DATA BLOCK START
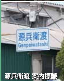
源兵衛渡 案内標識
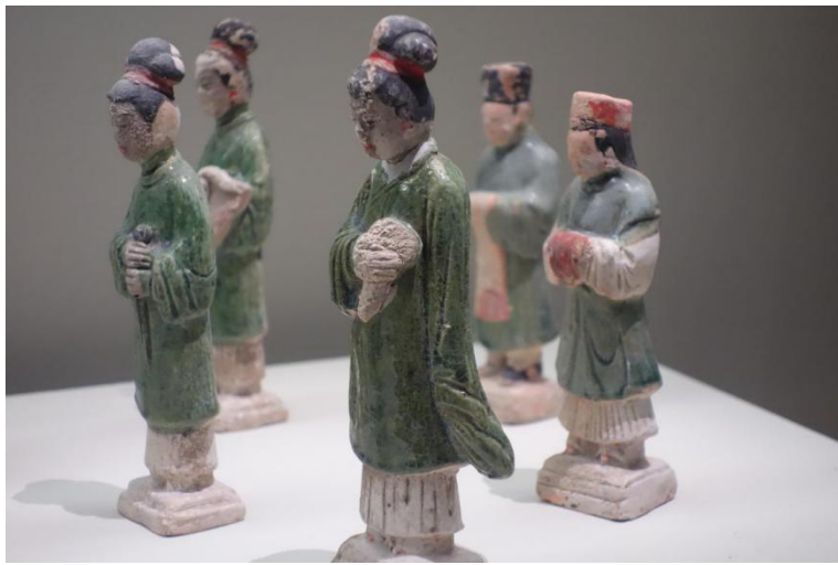
车马人物出行阵列
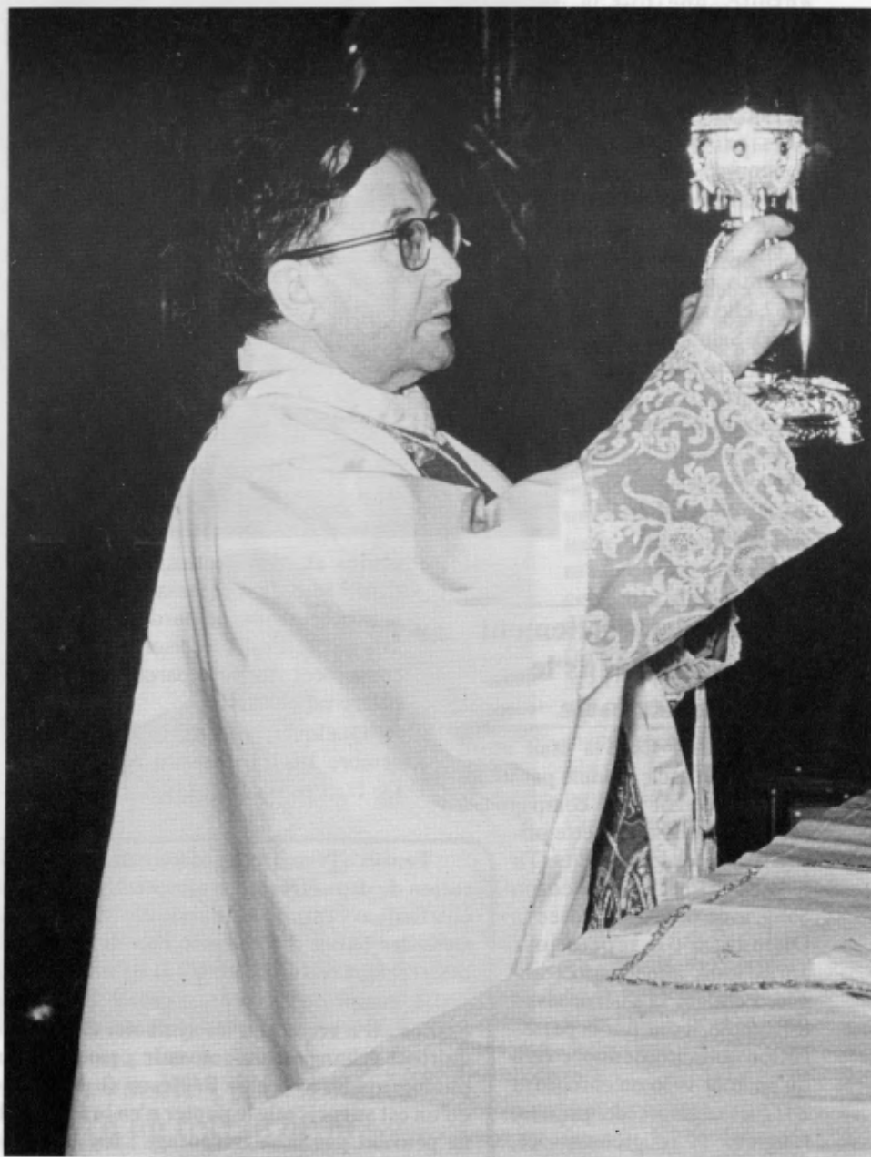
Le 31 décembre 1959 à Rome.

Au séminaire, il passait des heures en adoration devant le Saint-Sacrement. Lorsque, jeune prêtre, il se vit confier la paroisse du village de Perdiguera, en 1925, il y exposa quotidiennement le Saint-Sacrement.
DATA BLOCK END
WHAT IS EXPECTED: Write the full listing out again with every line unchanged, but include no pictures.

EXERCISE ANSWER:
源兵衛渡 案内標識
车马人物出行阵列
Le 31 décembre 1959 à Rome.

Au séminaire, il passait des heures en adoration devant le Saint-Sacrement. Lorsque, jeune prêtre, il se vit confier la paroisse du village de Perdiguera, en 1925, il y exposa quotidiennement le Saint-Sacrement.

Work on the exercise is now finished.